:: Task instructions ::
When you give the entries again, keep every word as it stands and drop the pictures.

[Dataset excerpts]
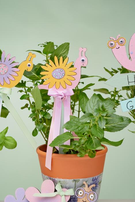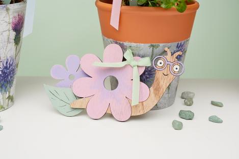 From the wooden pendant "Snail Willi", however, now remove the ribbons, because this is placed in the herb pot scene as a decoration. Paint this snail, flower and leaf and glue the three parts together decoratively. You are welcome to glue a small crafted bow to the little flower.
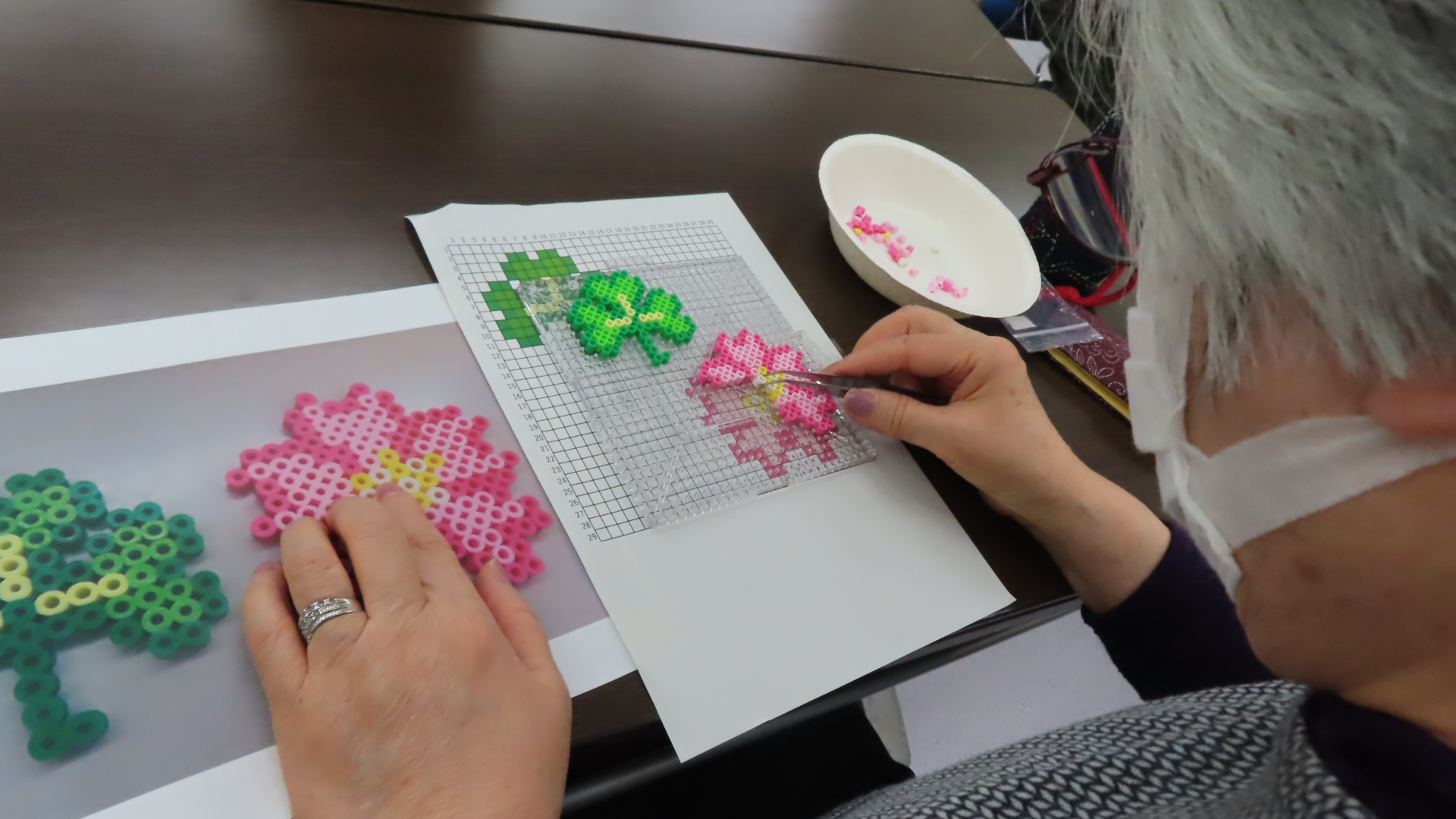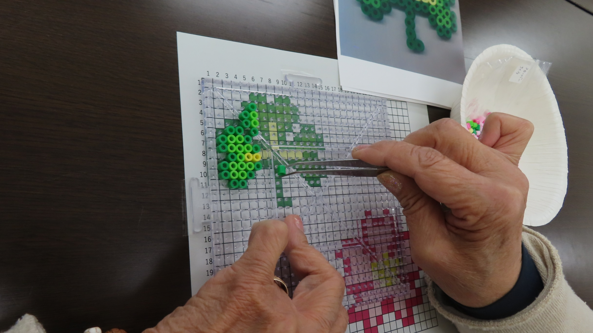 初めてアイロンビーズを触る方も多く、初めは説明を聞きながらマス目に合わせて土台を置き
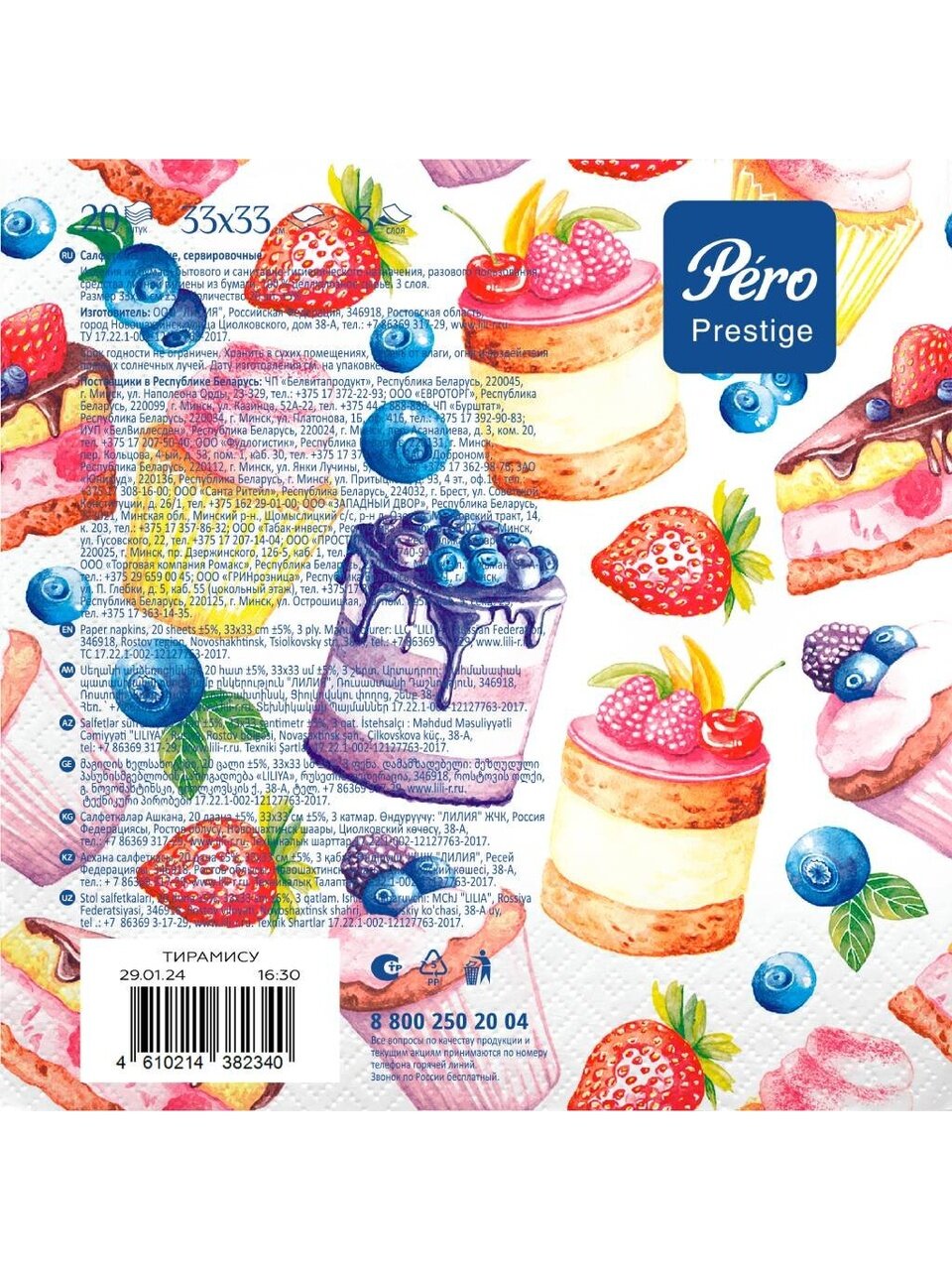 Вы можете приобрести «Салфетки Pero, Prestige Тирамису, 20 шт, 3 слоя, 33х33 см, 2340» и другие товары в нашем интернет-магазине в Железногорске по низким ценам и с бесплатным самовывозом.
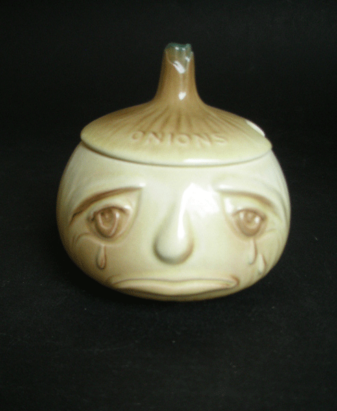 Here is an onion pot by Sylvac. It is in an onion colour and has a crying face to the front. The stalk of the onion acts as a handle for the lid which has a slot for a pickle fork or spoon. The word ONIONS is across the top. Marked to the base ONION 5128 SYLVAC MADE IN BRITAIN and it also has the original Sylvac sticker.
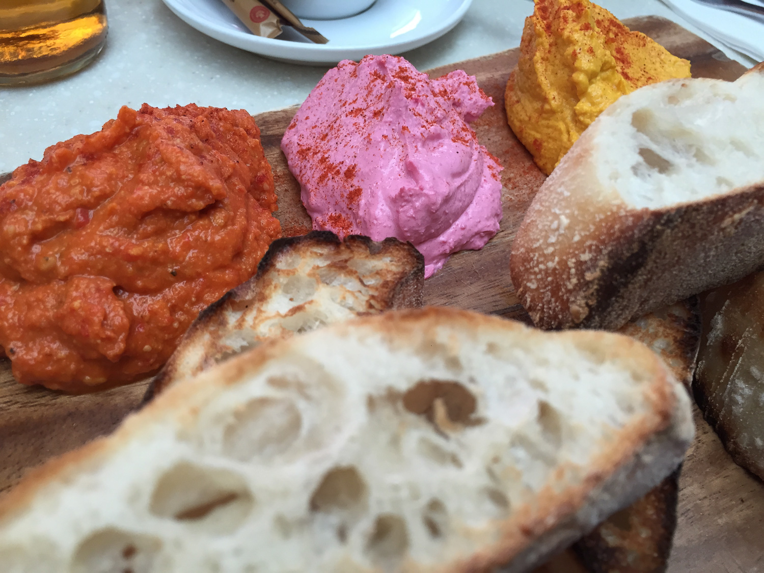 Nachdem wir also Auto los waren haben wir unsere Füße bemühen müssen und sind durch die Straßen und Parks von Sydney gelaufen. Schlussendlich sind wir dann am Darling Harbour gelandet. Da war an diesem Wochenende eine Art Familienfest, also einiges los. Darling Harbour ist kein wirklicher Hafen, sondern eine Vergnügungsmeile mit Restaurants, Kinos, Museen und Theatern, welche am Wasser liegt und mittels einer Brücke an das Stadtzentrum angeschlossen ist. Dort befand sich auch das Hard Rock Cafe von Sydney und dort haben wir obligatorische Souvenirs gekauft. Der kleine Hunger hat uns gefasst gehabt und wir sind in eines der besseren Restaurants, welches an der Hafenkante liegt, eingekehrt. Für mich gab es ein sehr leichtes geröstetes Sauerteigbrot, welches in Australien sehr beliebt ist, mit 3 verschiedenen Aufstrichen. Dabei handelte es sich um eine Salsa, einen Rote Beete Frischkäse und eine Eiersalat.
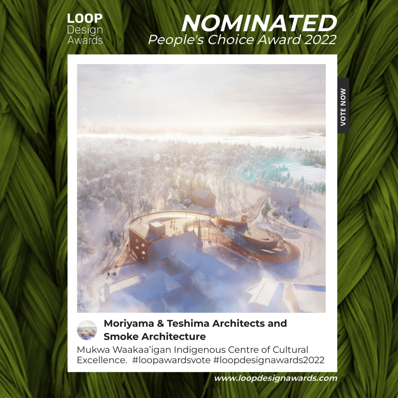Mukwa Waakaa’igan Indigenous Centre of Cultural Excellence at Algoma University has been nominated for a 2022 LOOP Design Award (Concept & Unbuilt Category)! We are asking our network to cast votes in favour of this project in the online People’s Choice competition. You are permitted to vote once every 24 hours between now and September 15th. Voting is free. No sign-up/sign-in required.
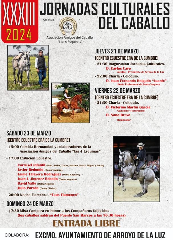 El próximo 1 de abril Arroyo de la Luz volverá a disfrutar de su día grande, el Día de la Luz, declarado Fiesta de Interés Turístico Regional. Alrededor del mismo, cada año se celebran diferentes actividades. Una de ellas son las Jornadas Culturales del Caballo que organiza la Asociación Amigos del Caballo 'Las 4 Esquinas', con la colaboración del Ayuntamiento de la localidad, y que este año cumple su XXXIII edición.

:: Problem solution ::
 From the wooden pendant "Snail Willi", however, now remove the ribbons, because this is placed in the herb pot scene as a decoration. Paint this snail, flower and leaf and glue the three parts together decoratively. You are welcome to glue a small crafted bow to the little flower.
 初めてアイロンビーズを触る方も多く、初めは説明を聞きながらマス目に合わせて土台を置き
 Вы можете приобрести «Салфетки Pero, Prestige Тирамису, 20 шт, 3 слоя, 33х33 см, 2340» и другие товары в нашем интернет-магазине в Железногорске по низким ценам и с бесплатным самовывозом.
 Here is an onion pot by Sylvac. It is in an onion colour and has a crying face to the front. The stalk of the onion acts as a handle for the lid which has a slot for a pickle fork or spoon. The word ONIONS is across the top. Marked to the base ONION 5128 SYLVAC MADE IN BRITAIN and it also has the original Sylvac sticker.
 Nachdem wir also Auto los waren haben wir unsere Füße bemühen müssen und sind durch die Straßen und Parks von Sydney gelaufen. Schlussendlich sind wir dann am Darling Harbour gelandet. Da war an diesem Wochenende eine Art Familienfest, also einiges los. Darling Harbour ist kein wirklicher Hafen, sondern eine Vergnügungsmeile mit Restaurants, Kinos, Museen und Theatern, welche am Wasser liegt und mittels einer Brücke an das Stadtzentrum angeschlossen ist. Dort befand sich auch das Hard Rock Cafe von Sydney und dort haben wir obligatorische Souvenirs gekauft. Der kleine Hunger hat uns gefasst gehabt und wir sind in eines der besseren Restaurants, welches an der Hafenkante liegt, eingekehrt. Für mich gab es ein sehr leichtes geröstetes Sauerteigbrot, welches in Australien sehr beliebt ist, mit 3 verschiedenen Aufstrichen. Dabei handelte es sich um eine Salsa, einen Rote Beete Frischkäse und eine Eiersalat.
Mukwa Waakaa’igan Indigenous Centre of Cultural Excellence at Algoma University has been nominated for a 2022 LOOP Design Award (Concept & Unbuilt Category)! We are asking our network to cast votes in favour of this project in the online People’s Choice competition. You are permitted to vote once every 24 hours between now and September 15th. Voting is free. No sign-up/sign-in required.
 El próximo 1 de abril Arroyo de la Luz volverá a disfrutar de su día grande, el Día de la Luz, declarado Fiesta de Interés Turístico Regional. Alrededor del mismo, cada año se celebran diferentes actividades. Una de ellas son las Jornadas Culturales del Caballo que organiza la Asociación Amigos del Caballo 'Las 4 Esquinas', con la colaboración del Ayuntamiento de la localidad, y que este año cumple su XXXIII edición.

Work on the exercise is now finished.